The gender gap of faculty and staff in higher education is an issue that is becoming increasingly important to women nationwide, but also to women on AU’s campus. Statistically, women make up one quarter of the total amount of college professors, and men outnumber women in the position of college president two to one.
One nationwide group that addresses these issues and many more relating to women in higher education is the American Association of University Women (AAUW). Dr. Marie Morris, provost at AU, felt compelled to meet with President Pistole to officially make AU a member of the AAUW.
“President Pistole and I decided that AU should become a member of the American Association for University Women,” said Morris. “With that membership, the university gets two members. They are Stephanie Moran, community engagement officer for the university, and Dr. Jaye Rogers, professor of history and chair of the Department of History & Political Science. I have held my own personal membership for the last number of years.”
When asked about specific things that she believes need to be addressed, both nationwide and at AU, Morris said: “One of the ways we are working to address any salary inequities is to benchmark salaries against benchmark standards.”

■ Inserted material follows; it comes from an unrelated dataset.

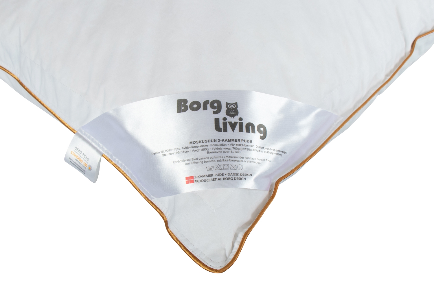 Voorpagina »Hoofdkussens Kussen met muskusdons - 60x63 cm - "middelhoog" - 3 kamers - Borg Living Bespaar57% Borg Living 95,4940,99EURSpar 55,- Op voorraad Aantal In winkelwagen Bekijk meer van:Borg Living Artikelnr:BL2050-9 Lees onze kussengids Lees meer over het onderhoud van dekbedden en kussens Bekijk ons grote assortiment kussenslopen Heb je vragen over het product? Muskusdons kussen met 3 kamersDraagvermogen: Ruim 6Borg Living Grootte: 60x63 cm Type: Middelhoog hoofdkussen Constructie: 3 kamre kussen Merk: Borg Living Vulgewicht: 700g Buitenkamer: 2x150g 100% muskusdons Vulling in de kern: 400g eendendons/kleine veren Draagvermogen: Buitenkamer: Meer dan 9 (oude meetmethode) 600 (nieuwe meetmethode) Kern: Meer dan 6 (oude meetmethode) 350 (nieuwe meetmethode) Hoes: 100% donsdicht katoenen cambric Wassen: 60° (Belangrijk om enzymvrij wasmiddel te gebruiken) Droger: Moet gedroogd worden met droogballen Garantie: 2 jaar Certificering: STANDARD 100 by OEKO-TEX® (HKX 19275) Het hoofdkussen heeft een constructie van 3 kamers. De twee buitenste kamers zijn gevuld met zacht, eiderdonsachtig muskusdons, terwijl de middelste kamer gevuld is met ondersteunende kleine veren. Met een kussen met 3 kamers krijgen je nek en schouders de ondersteuning die ze nodig hebben om de hele nacht comfortabel te liggen, zonder dat je het kussen hoeft bij te stellen om het goed te laten liggen. Vanwege de speciale constructie behoudt het kussen zijn vorm. Bekijk hier ons grote assortiment beddengoed in 140x200 cm Het Deense merk Borg Living produceert exclusieve series dekbedden, kussens en woningtextiel voor je huis. Het merk werd opgericht in 2013 en is onder andere bekend om hun innovatieve benadering van kwaliteit en design. De fantastische producten van Borg Living dragen bij aan een optimale en comfortabele nachtrust en decoreren je huis met moderne en stijlvolle woonaccessoires. Terug naar Hoofdkussens

“These benchmarks better allow us to compensate for the role without gender bias,” she continued. “For example, faculty salaries are benchmarked against salaries at similar institutions and with regard to rank and discipline. This way we can make sure that male and female faculty are being compensated at the same level.”
Dr. Jaye Rogers noted that the AAUW is a multifaceted organization that does much more than just address “pay equity and combating gender gaps in employment.”
“The organization also provides scholarships, educational opportunities and networking with women across a wide spectrum of higher education—from well-known schools like Harvard to state institutions such as Purdue and even private faith-based universities like AU,” Rogers said.
“Large schools and smaller colleges, public and private—we don’t always have opportunities to talk to each other,” Rogers said. “AAUW provides members a wealth of knowledge and a chance to share ideas and experiences regardless of the size of the institutions.”
To get the ball rolling and get the word out to other AU faculty and staff, Morris, Rogers and Moran organized a luncheon.
“When we extended the invitation for this first women’s luncheon we weren’t sure how many AU women faculty and staff would even be interested,” said Morris.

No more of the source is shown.